How to transform this limit $\lim_{h \to 0}\left(1+h\right)^{\frac{x}{h}}=e^x$ into $\lim_{h \to 0}\left(1+xh\right)^{\frac{1}{h}}=e^x$?

Question

How to transform this limit $\lim_{h \to 0}\left(1+h\right)^{\frac{x}{h}}=e^x$ into $\lim_{h \to 0}\left(1+xh\right)^{\frac{1}{h}}=e^x$?

This seems like I can't simplify this limit because I end up with zero divisors.

Can anyone help me on this?

Answer 1

Just set $t=xh \Rightarrow \frac{1}{h} = \frac{x}{t}$.

Hence, $$\lim_{h\to 0} (1+xh)^{\frac{1}{h}}= \lim_{t\to 0}\left((1+t)^{\frac{1}{t}}\right)^x = e^x$$

Additional info after comment:

The other way round works a bit differently.

You start with $(1+h)^{\frac{1}{h}}$.

Now, you need to squeeze in the $x$. Naturally, in this case, you have $h=x\frac{h}{x}$. So, $t = \frac{h}{x}$.

This would finally lead to $\lim_{t\to 0}\left((1+xt)^{\frac{1}{t}}\right)^{\frac{1}{x}} = e$.

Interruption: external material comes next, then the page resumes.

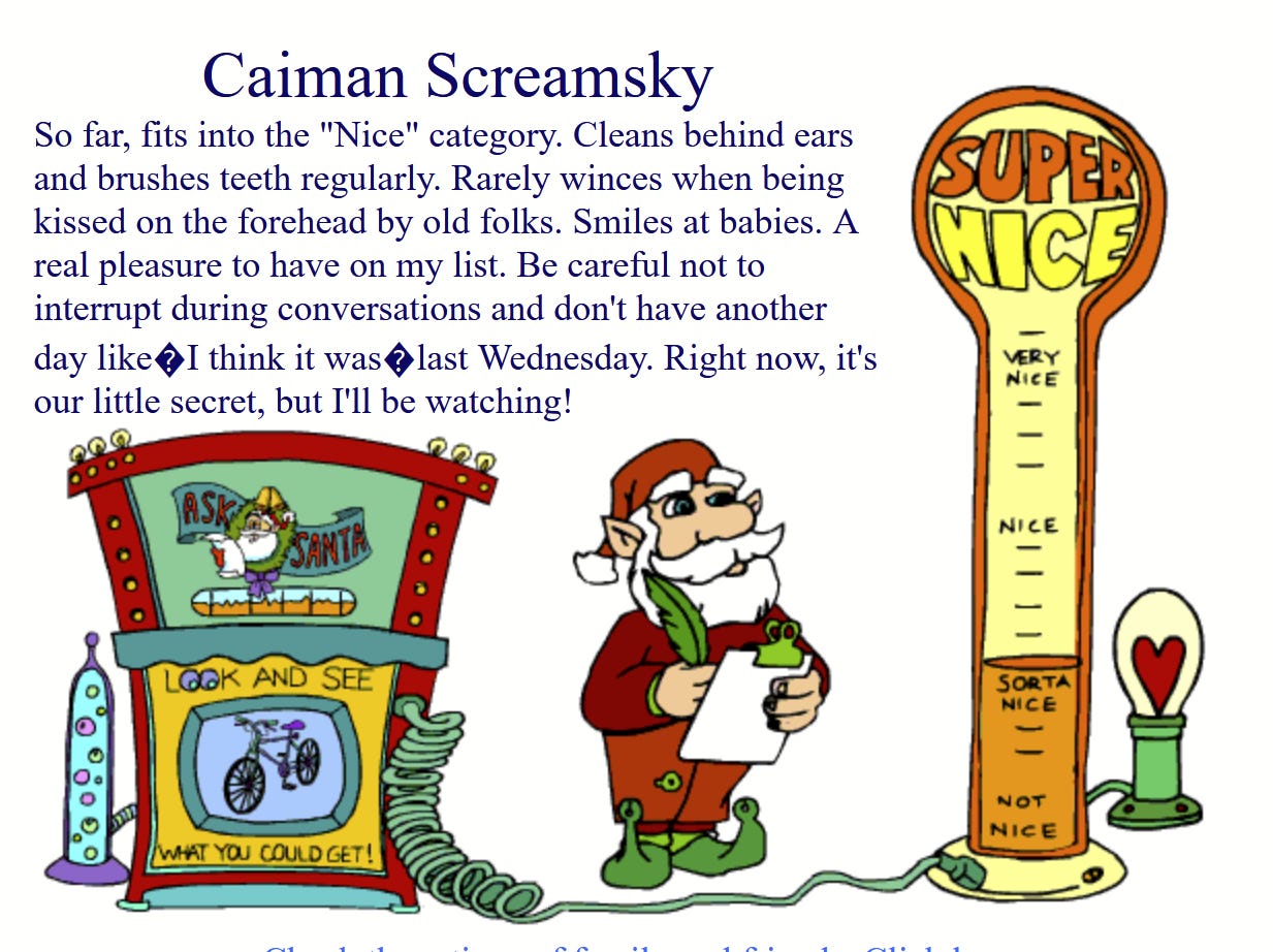In retrospect, this prepared my generation well for an adulthood of being endlessly judged by arbitrary computer algorithms whose workings are concealed to us. Santa’s Nice or Naughty List is a black box, and the box only pretends to care about you as an individual.
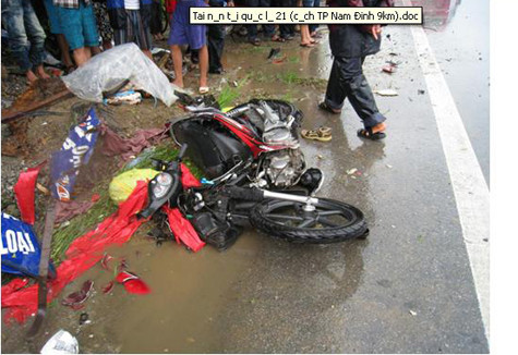 Chiếc xe khách 40 chỗ BKS 18N-5517 lưu thông hướng Hà Nội - Nam Định đã đâm trực diện vào 5 chiếc xe máy đang đi ngược chiều, cướp đi tại chỗ sinh mạng của 2 người. Có ít nhất 5 người khác đang trong tình trạng nguy kịch. Những người bị thương này đã được người dân và lực lượng chức năng đưa đi cấp cứu tại Bệnh viện đa khoa tỉnh Nam Định.

Raising this to the power of $x$ gives $\lim_{t\to 0}(1+xt)^{\frac{1}{t}} = e^x$

Answer 2

Since $\lim_{h\to0}(1+h)^{\frac1h}=e$, you have$$\lim_{h\to0}(1+xh)^{\frac1{xh}}=e$$too and therefore\begin{align}\lim_{h\to0}(1+xh)^{\frac1h}&=\lim_{h\to0}\left((1+xh)^{\frac1{xh}}\right)^x\\&=\left(\lim_{h\to0}(1+xh)^{\frac1{xh}}\right)^x\\&=e^x.\end{align}